Ia meloncat dan mendorong langit-langit, akan tetapi ternyata langit-langit itu terbuat dari baja yang amat kuat. Tidak ada pintu atau jendelanya! Mungkin pintu rahasia yang bergeser dan masuk ke dinding, pikirnya. Tidak ada jalan keluar. Akan tetapi ia masih selamat dan tidak terluka. Ini saja merupakan hiburan baginya, karena selama ia masih hidup, ia tidak akan kehilangan harapan.

Akan tetapi, tiba-tiba terdengar suara mendesis. Kim Hong waspada dan siap. Akan tetapi tempat itu terlalu gelap behingga ia tidak dapat melihat sesuatu. Tangannya sendiripun tidak nampak, apalagi benda lain. Dan tiba-tiba ia mencium bau yang harum dan keras.

Celaka, keluhnya karena ia tahu bahwa ada asap beracun dimasukkan ke dalam kamar itu. Tentu melalui lubang hawa di atas, pikirnya. Ia tahu bahwa melawanpun tidak ada
gunanya, membuang tenaga sia-sia belaka. Kalau ia melawan dengan menahan napas, hanya akan kuat bertahan beberapa jam saja, akhirnya ia akan tidak dapat lolos pula dari asap yang ia duga tentu mengandung obat bius itu.
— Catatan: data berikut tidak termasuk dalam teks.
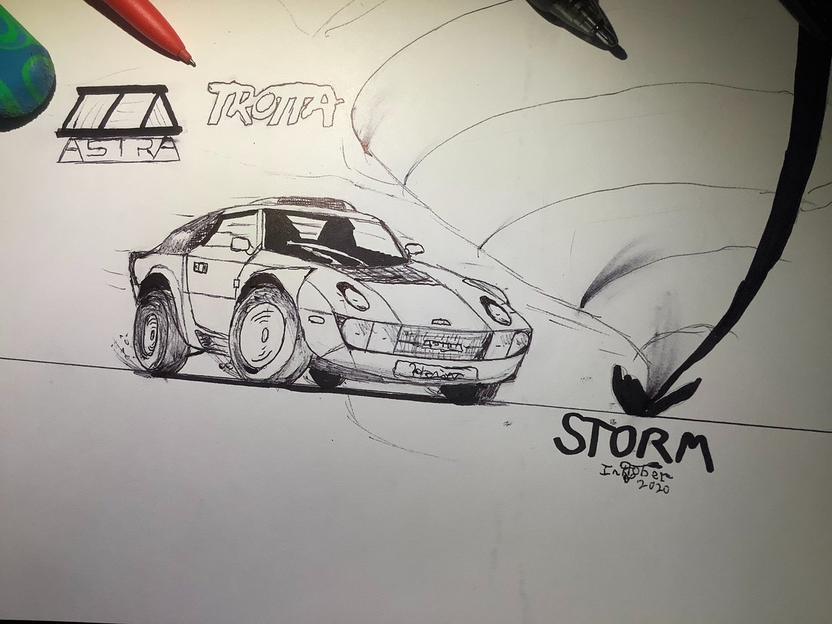 #inktober2020storm Trying to outrun a big storm huh? good luck. Still my favorite original car #art #artist #automotiveart #carart #originalcar #ink #inkart #inktober #inktober2020 #inktober2020day17

Kalau ia melawan dan menahan napas sekuatnya, ada bahayanya paru-parunya akan terluka. Lebih baik ia menyerah kepada keadaan yang tak mungkin dapat dilawannya lagi, untuk menghemat tenaga menghadapi apa yang akan terjadi selanjutnya.

Karena itu, Kim Hong tidak melawan, hanya cepat merebahkan dirinya terlentang di atas lantai dan melemaskan tubuhnya, mengendurkan semua urat sarafnya agar jangan menegang. Karena ia merebahkan diri, maka asap itu agak lama baru mulai memasuki pernapasannya, yaitu setelah udara di atas penuh.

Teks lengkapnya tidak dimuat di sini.